For once in these kinds of stories, alcohol does not seem to have been a factor. The article stated that, according to the bartender's notes — one of the more accurate forms of reporting known to history — the woman had had only one drink prior to the rampage. (It was a shot of Jagermeister, but still.) An expert on karaoke-related violence (namely, me) believes that alcohol alone is unlikely to explain such an attack even if the bartender understated the woman's drinking. It is possible that the woman was actually infuriated simply by the singer's lack of skill, as witnesses suggested. But it seems more likely that it was the fortunately rare combination of karaoke, an untalented performer, and Coldplay that actually triggered violence.
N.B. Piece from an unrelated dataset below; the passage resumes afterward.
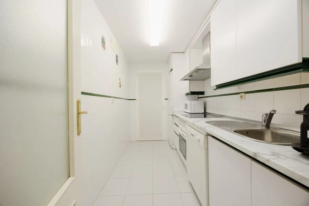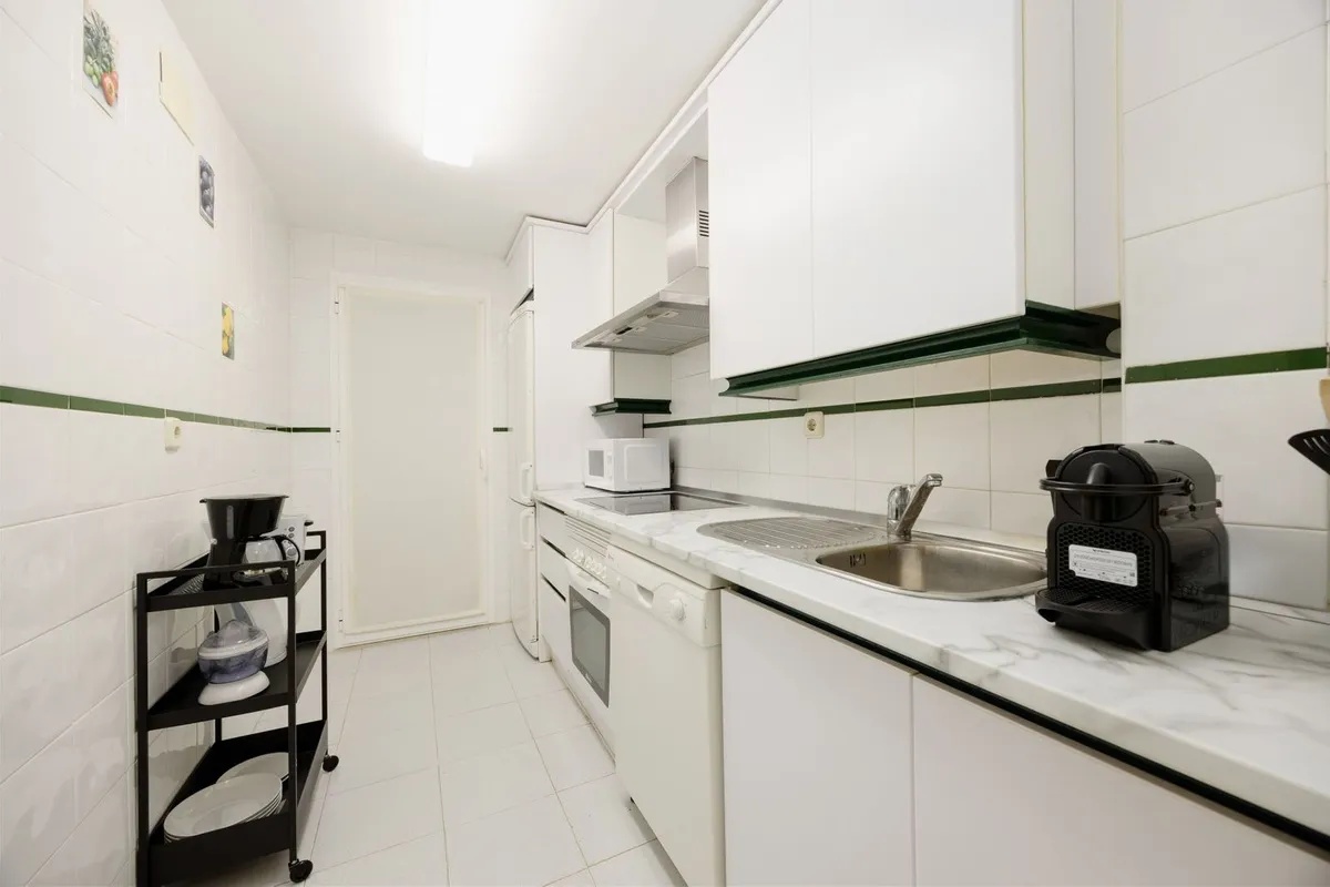 Bij het betreden van het appartement wordt u begroet door een prachtige gebogen ingang, die toegang geeft tot de kamer met het leven, met een 55-inch High Definition Smart TV.De keuken is volledig uitgerust met alle soorten apparaten: Nespresso Coffee Machine, magnetron, oven, thee en koffieset, vaatwasser, broodrooster en allerlei keukengerei en eenvoudige keukenbegrippen.De woonkamer geeft ook toegang tot een groot terras met een chill-out gebied en een eettafel, perfect om te genieten van buitenmaaltijden.

I would bet he didn't get any further than this:
Look at the stars,
Look how they shine for you,
And everything you do,
Yeah, they were all yellow.I came along,
I wrote a song for you,
And all the things you do,
And it was called "Yellow"
On second thought, he probably didn't get that far.
According to Wikipedia, which is at least as accurate as bartenders' notes, karaoke was created and popularized by Japanese singer Daisuke Inoue in the early 1970s. He also invented a karaoke machine of the kind that is now wildly popular, but failed to patent it. He did receive an Ig Nobel Prize in 2004 for the accomplishment (it was the Peace Prize, for helping people "learn to tolerate each other"). He is shown here accepting the award, showing a remarkably intact sense of humor for somebody who invented but failed to profit from what is now a ten-billion-dollar industry.
According to Coldplay's official fansite, singer Chris Martin admitted that his inspiration for the song "Yellow" came from the Yellow Pages.